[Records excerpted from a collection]
^^^^^^^^
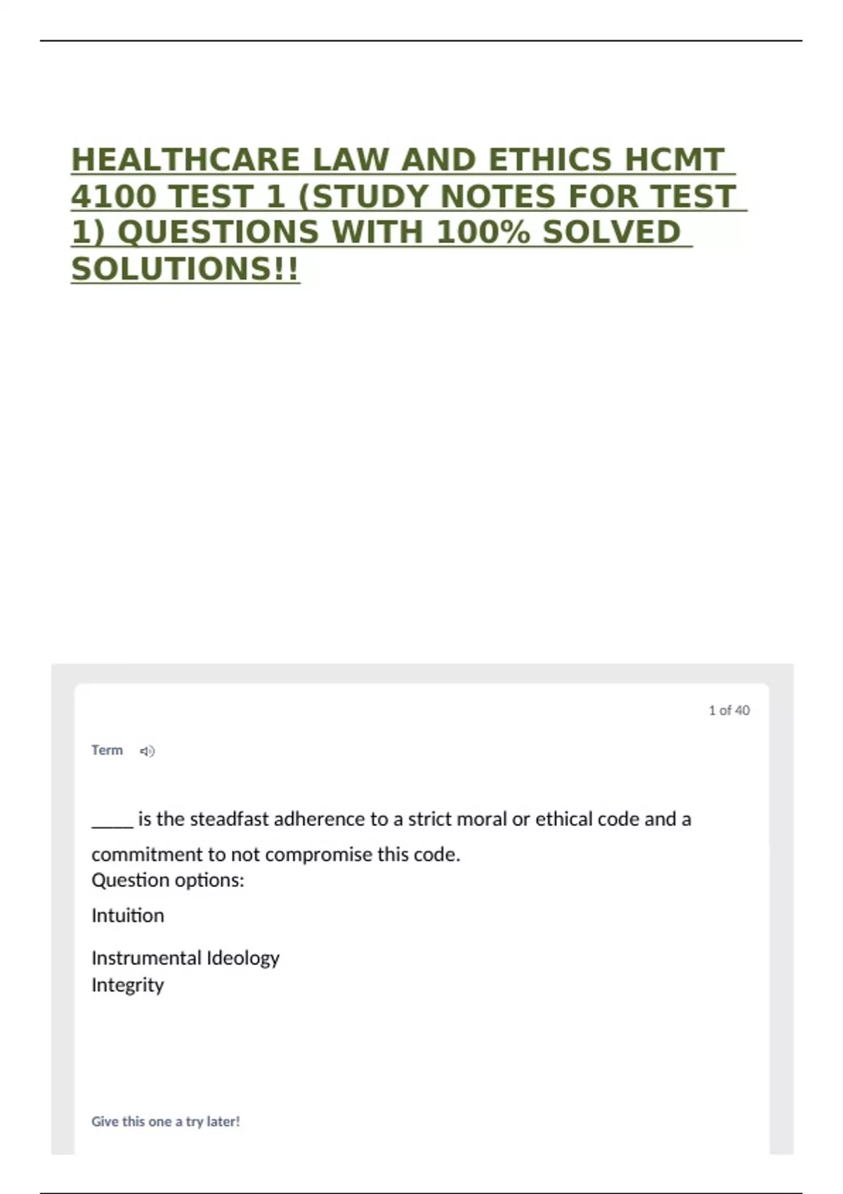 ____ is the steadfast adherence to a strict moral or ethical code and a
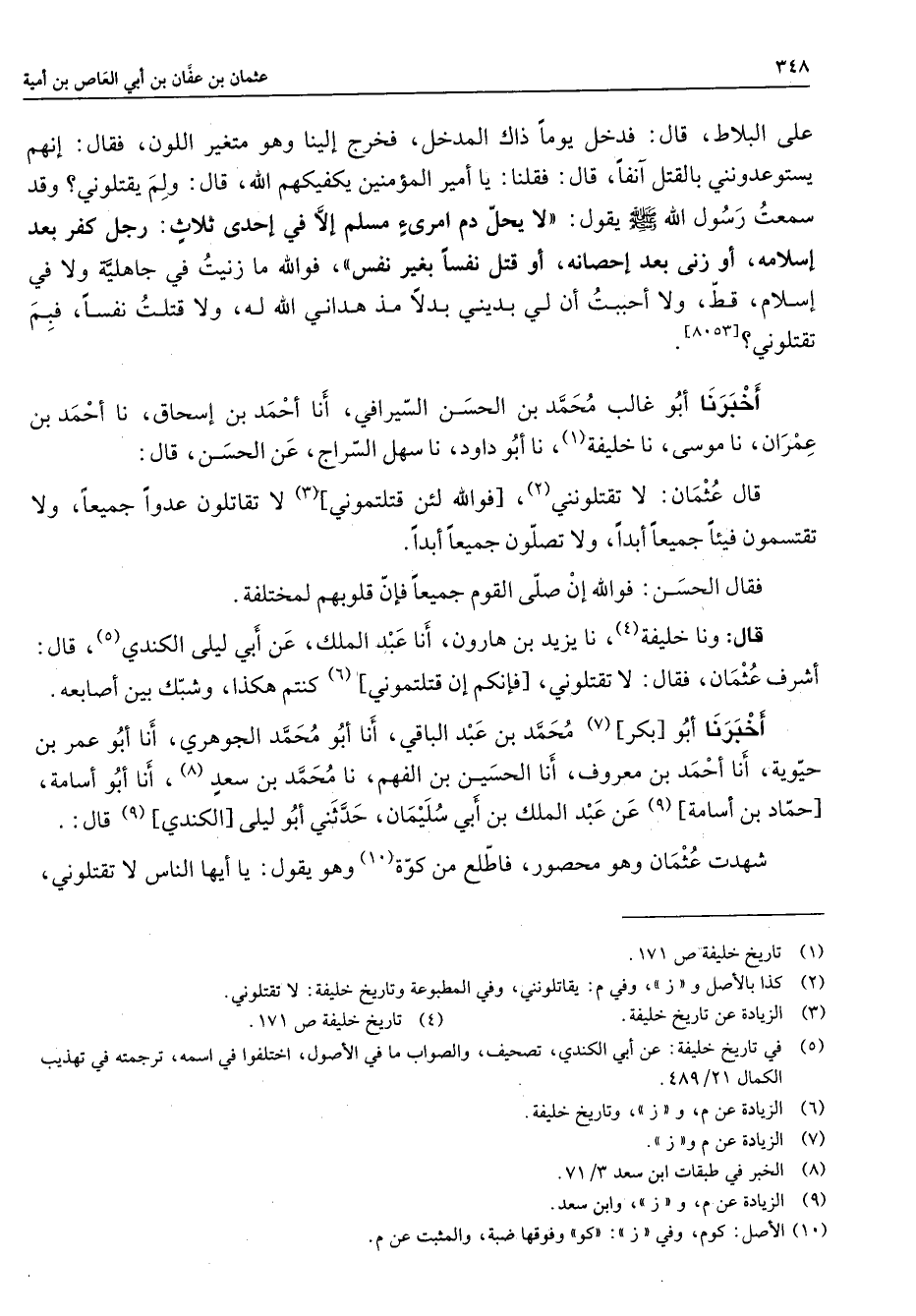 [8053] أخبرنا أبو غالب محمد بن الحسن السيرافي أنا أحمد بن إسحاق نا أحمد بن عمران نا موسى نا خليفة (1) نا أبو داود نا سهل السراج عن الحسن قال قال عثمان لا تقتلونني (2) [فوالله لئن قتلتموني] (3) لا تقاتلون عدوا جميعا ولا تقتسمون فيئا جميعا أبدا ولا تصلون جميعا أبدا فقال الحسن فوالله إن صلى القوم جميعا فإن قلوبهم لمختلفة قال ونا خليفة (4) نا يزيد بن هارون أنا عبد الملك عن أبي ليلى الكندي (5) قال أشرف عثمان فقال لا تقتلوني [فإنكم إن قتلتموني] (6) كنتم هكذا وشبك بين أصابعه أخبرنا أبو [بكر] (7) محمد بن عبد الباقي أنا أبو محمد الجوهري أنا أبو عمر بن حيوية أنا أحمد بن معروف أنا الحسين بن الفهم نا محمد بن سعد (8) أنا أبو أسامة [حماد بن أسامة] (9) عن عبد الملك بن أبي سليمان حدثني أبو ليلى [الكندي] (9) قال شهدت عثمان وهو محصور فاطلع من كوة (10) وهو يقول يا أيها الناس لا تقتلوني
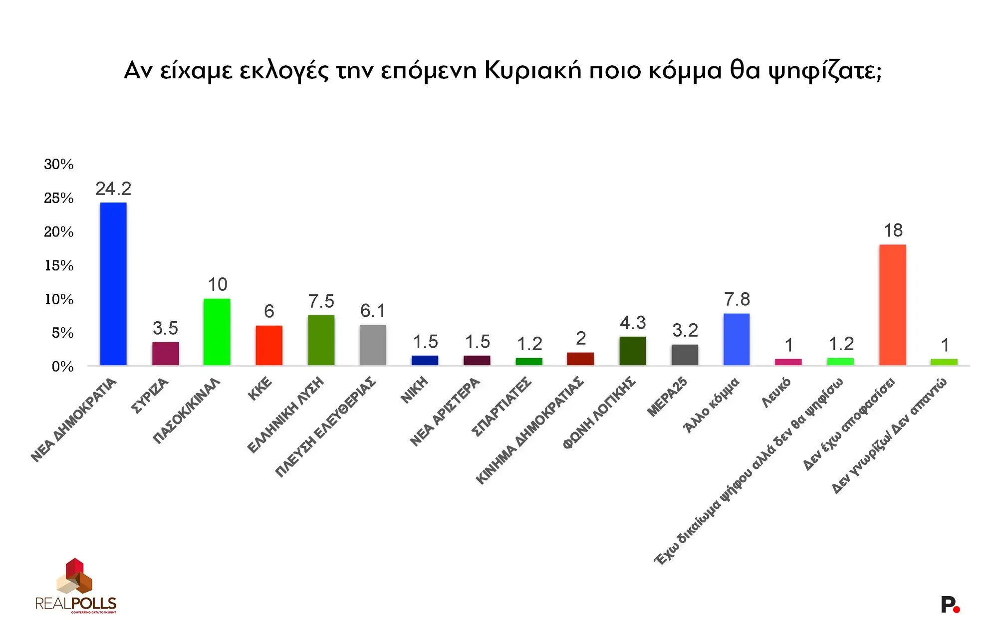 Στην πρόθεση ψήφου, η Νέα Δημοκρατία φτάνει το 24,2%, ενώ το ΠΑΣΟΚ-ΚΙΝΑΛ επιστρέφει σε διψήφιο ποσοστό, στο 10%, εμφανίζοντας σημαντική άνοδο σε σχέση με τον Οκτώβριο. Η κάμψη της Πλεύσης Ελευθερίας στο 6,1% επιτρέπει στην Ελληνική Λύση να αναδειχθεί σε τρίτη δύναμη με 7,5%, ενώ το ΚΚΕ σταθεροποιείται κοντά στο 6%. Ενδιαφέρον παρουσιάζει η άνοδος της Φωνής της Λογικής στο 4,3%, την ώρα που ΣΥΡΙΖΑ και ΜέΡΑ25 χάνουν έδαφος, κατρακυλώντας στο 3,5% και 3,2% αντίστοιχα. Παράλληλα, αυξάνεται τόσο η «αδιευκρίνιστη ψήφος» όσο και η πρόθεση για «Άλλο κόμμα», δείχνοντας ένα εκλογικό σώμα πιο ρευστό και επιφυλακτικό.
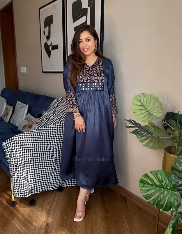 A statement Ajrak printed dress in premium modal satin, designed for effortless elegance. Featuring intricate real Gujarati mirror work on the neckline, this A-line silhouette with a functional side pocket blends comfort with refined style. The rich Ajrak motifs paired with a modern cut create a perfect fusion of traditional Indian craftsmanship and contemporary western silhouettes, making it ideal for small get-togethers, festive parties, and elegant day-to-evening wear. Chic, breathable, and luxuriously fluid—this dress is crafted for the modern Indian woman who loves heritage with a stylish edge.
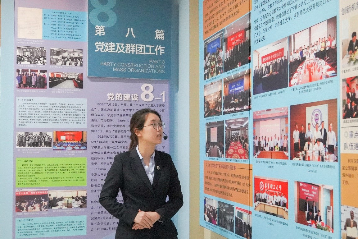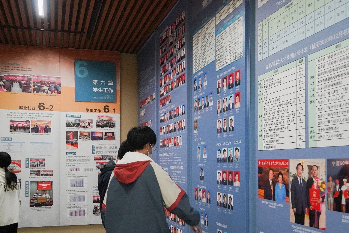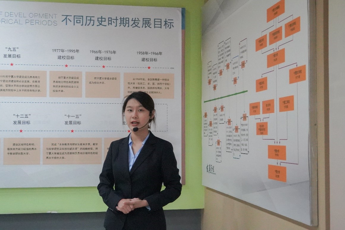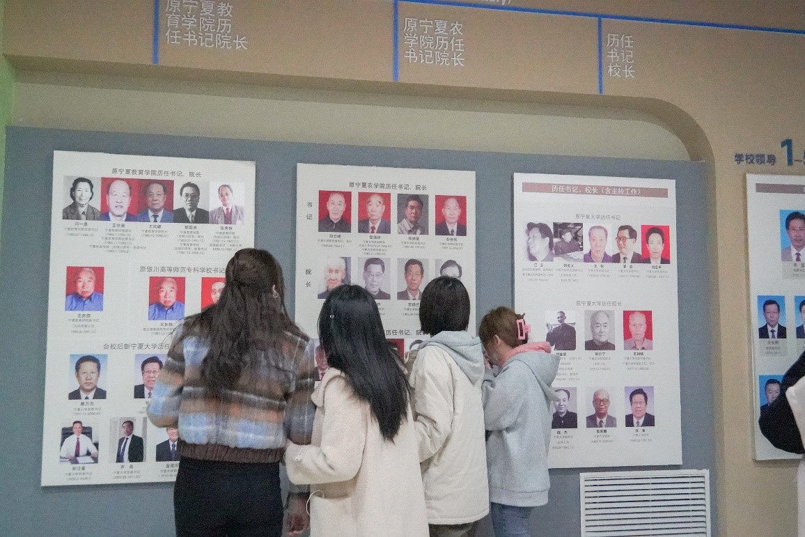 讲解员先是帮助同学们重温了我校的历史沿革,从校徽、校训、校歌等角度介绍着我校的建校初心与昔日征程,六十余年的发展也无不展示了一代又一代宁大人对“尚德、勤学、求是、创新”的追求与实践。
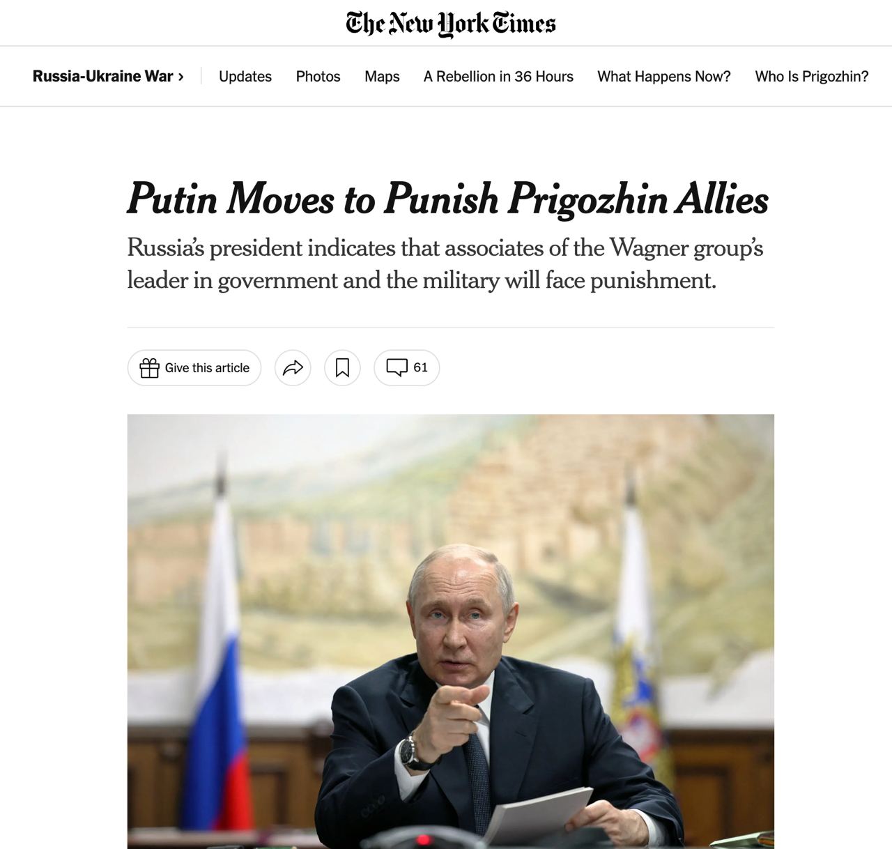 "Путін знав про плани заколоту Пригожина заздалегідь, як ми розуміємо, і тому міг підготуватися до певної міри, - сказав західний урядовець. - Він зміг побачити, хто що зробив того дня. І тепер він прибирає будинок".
^^^^^^^^
**Work instruction**
Only the lines from the one with "Στην πρόθεση ψήφου, η" through the end of the data, both ends included, should be written out exactly, and no pictures should appear.

**Solution for this exercise**
 Στην πρόθεση ψήφου, η Νέα Δημοκρατία φτάνει το 24,2%, ενώ το ΠΑΣΟΚ-ΚΙΝΑΛ επιστρέφει σε διψήφιο ποσοστό, στο 10%, εμφανίζοντας σημαντική άνοδο σε σχέση με τον Οκτώβριο. Η κάμψη της Πλεύσης Ελευθερίας στο 6,1% επιτρέπει στην Ελληνική Λύση να αναδειχθεί σε τρίτη δύναμη με 7,5%, ενώ το ΚΚΕ σταθεροποιείται κοντά στο 6%. Ενδιαφέρον παρουσιάζει η άνοδος της Φωνής της Λογικής στο 4,3%, την ώρα που ΣΥΡΙΖΑ και ΜέΡΑ25 χάνουν έδαφος, κατρακυλώντας στο 3,5% και 3,2% αντίστοιχα. Παράλληλα, αυξάνεται τόσο η «αδιευκρίνιστη ψήφος» όσο και η πρόθεση για «Άλλο κόμμα», δείχνοντας ένα εκλογικό σώμα πιο ρευστό και επιφυλακτικό.
 A statement Ajrak printed dress in premium modal satin, designed for effortless elegance. Featuring intricate real Gujarati mirror work on the neckline, this A-line silhouette with a functional side pocket blends comfort with refined style. The rich Ajrak motifs paired with a modern cut create a perfect fusion of traditional Indian craftsmanship and contemporary western silhouettes, making it ideal for small get-togethers, festive parties, and elegant day-to-evening wear. Chic, breathable, and luxuriously fluid—this dress is crafted for the modern Indian woman who loves heritage with a stylish edge.
 讲解员先是帮助同学们重温了我校的历史沿革,从校徽、校训、校歌等角度介绍着我校的建校初心与昔日征程,六十余年的发展也无不展示了一代又一代宁大人对“尚德、勤学、求是、创新”的追求与实践。
 "Путін знав про плани заколоту Пригожина заздалегідь, як ми розуміємо, і тому міг підготуватися до певної міри, - сказав західний урядовець. - Він зміг побачити, хто що зробив того дня. І тепер він прибирає будинок".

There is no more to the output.